**Information provided**
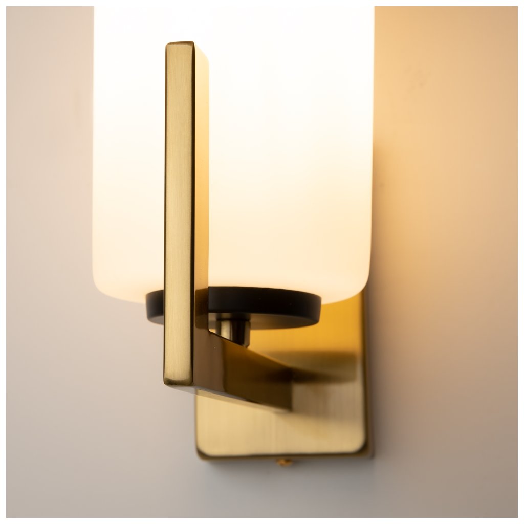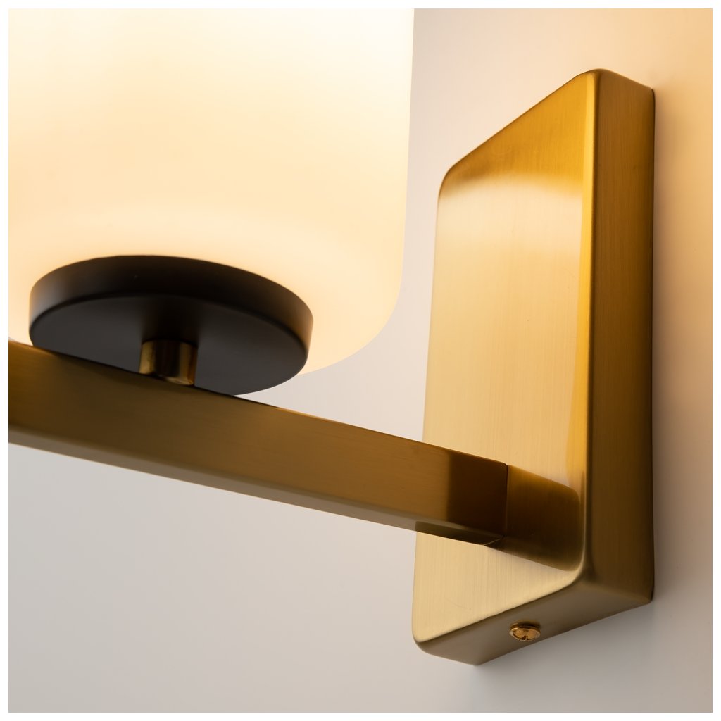 Krásné retro svítidlo Fortano Wall se vyznačuje elegantní kombinací přesných geometrických tvarů a nadčasových barevných schémat. Vizuální lehkost svítidla je dosažena díky kontrastu mezi mosazným rámem a válcovým bílým skleněným stínítkem, které vyzařuje měkké rozptýlené světlo. Tato nástěnná lampička se hojně používá pro osvětlení kuchyní, ložnic, obývacích pokojů, hotelů, lobby, restaurací, hal, kanceláří, vstupních prostorů, šatníků a chodeb.
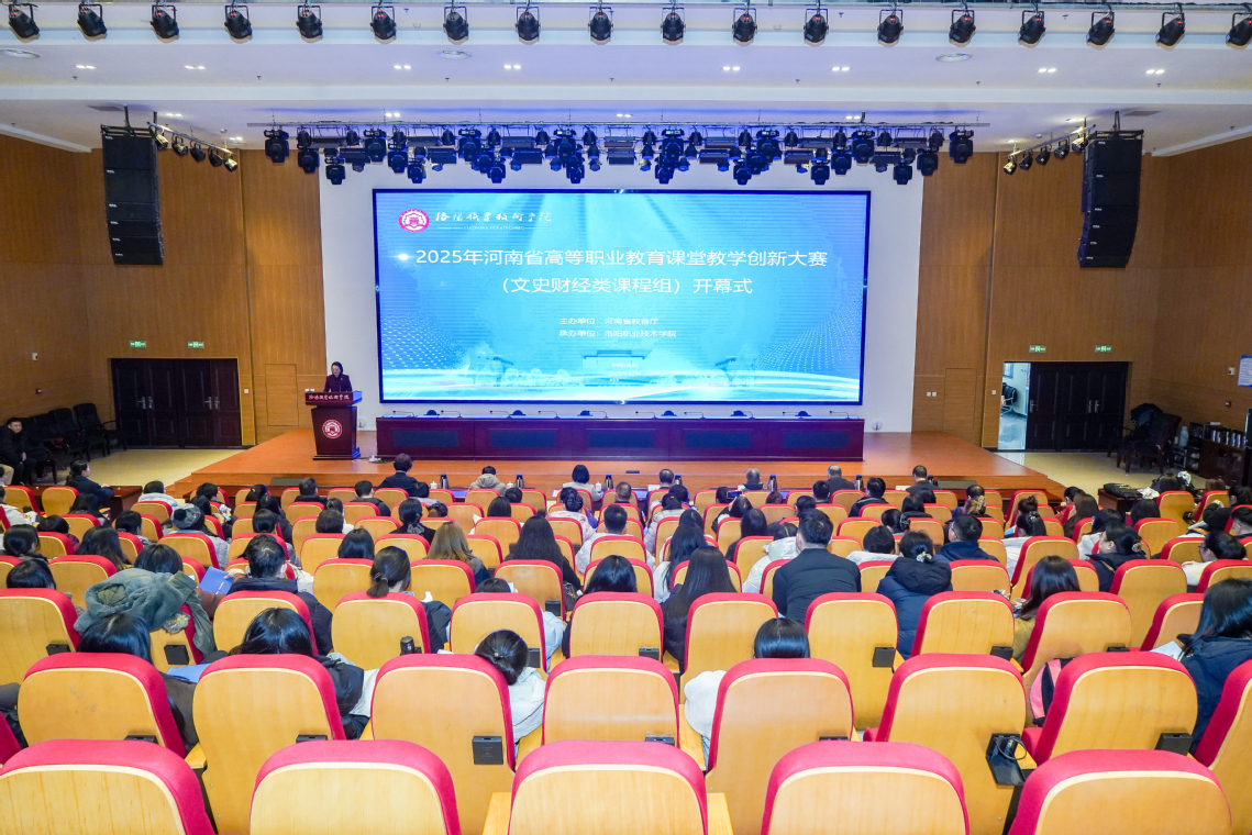12月23日,2025年河南省高等职业教育课堂教学创新大赛(文史财经类课程组)比赛在洛阳职业技术学院开赛。河南省教育厅职成教处副处长张俊丽致辞,洛阳职业技术学院校长李保安致辞并宣布开幕。
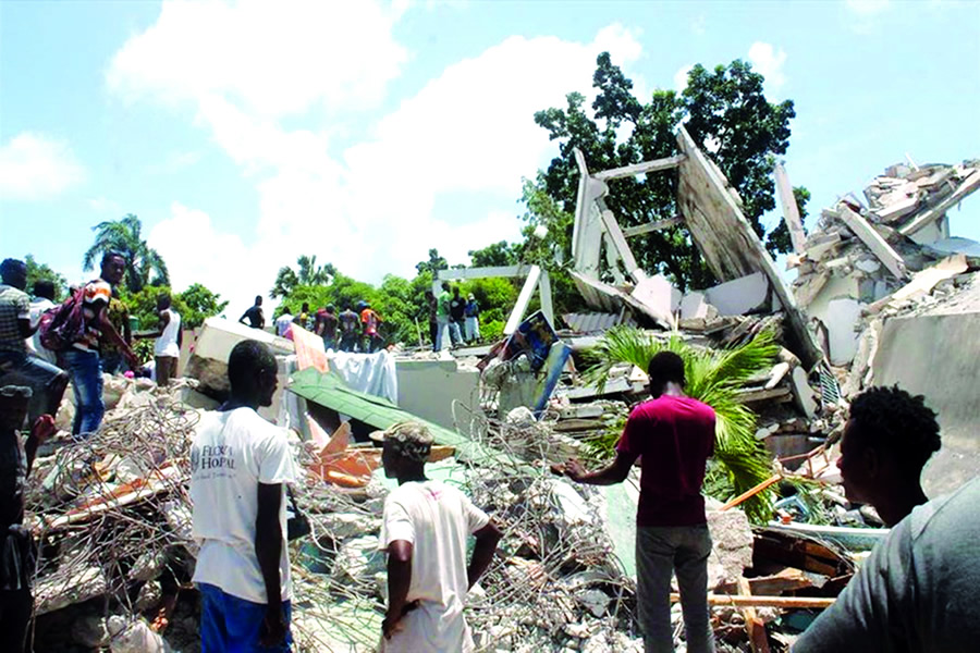 Tìm kiếm người bị nạn sau khi một khách sạn sập do động đất Haiti ngày 14-8.
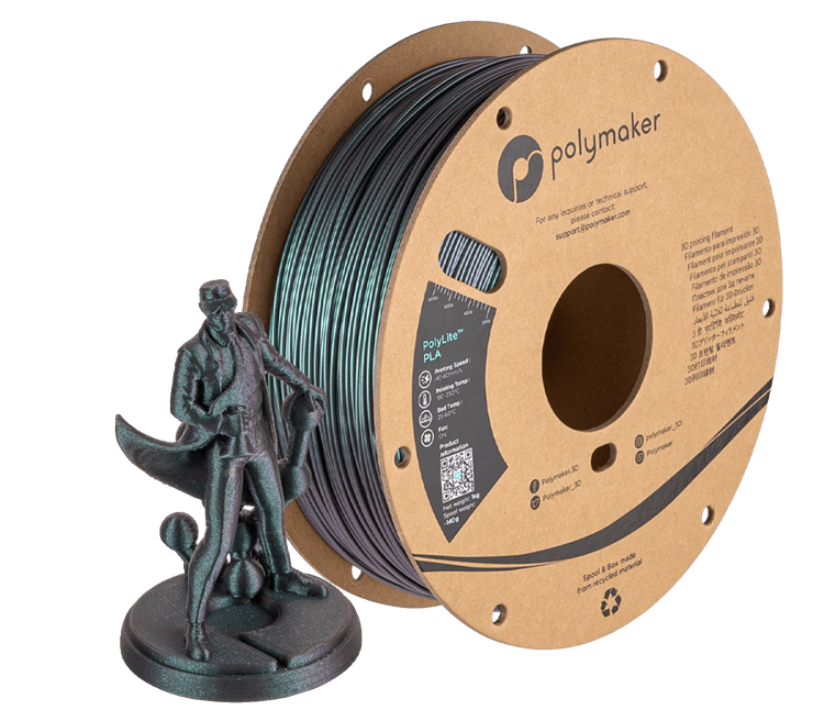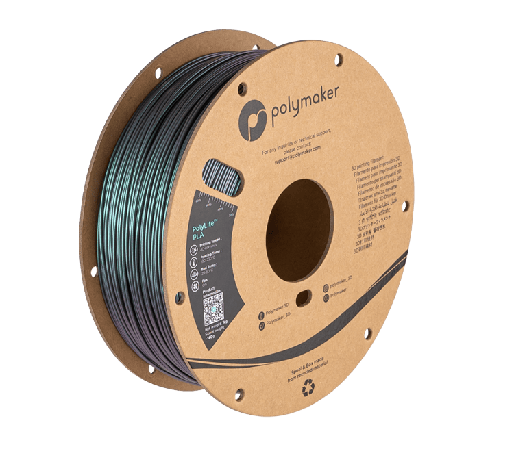 Polymaker PolyLite™ PLA Starlight-серия е колекция от висококачествени PLA нишки, всяка от които има уникален блестящ преливащ блясък.

**Task to complete**
Repeat the data word for word. Images are not part of the copy.

**Response**
 Krásné retro svítidlo Fortano Wall se vyznačuje elegantní kombinací přesných geometrických tvarů a nadčasových barevných schémat. Vizuální lehkost svítidla je dosažena díky kontrastu mezi mosazným rámem a válcovým bílým skleněným stínítkem, které vyzařuje měkké rozptýlené světlo. Tato nástěnná lampička se hojně používá pro osvětlení kuchyní, ložnic, obývacích pokojů, hotelů, lobby, restaurací, hal, kanceláří, vstupních prostorů, šatníků a chodeb.
12月23日,2025年河南省高等职业教育课堂教学创新大赛(文史财经类课程组)比赛在洛阳职业技术学院开赛。河南省教育厅职成教处副处长张俊丽致辞,洛阳职业技术学院校长李保安致辞并宣布开幕。
 Tìm kiếm người bị nạn sau khi một khách sạn sập do động đất Haiti ngày 14-8.
 Polymaker PolyLite™ PLA Starlight-серия е колекция от висококачествени PLA нишки, всяка от които има уникален блестящ преливащ блясък.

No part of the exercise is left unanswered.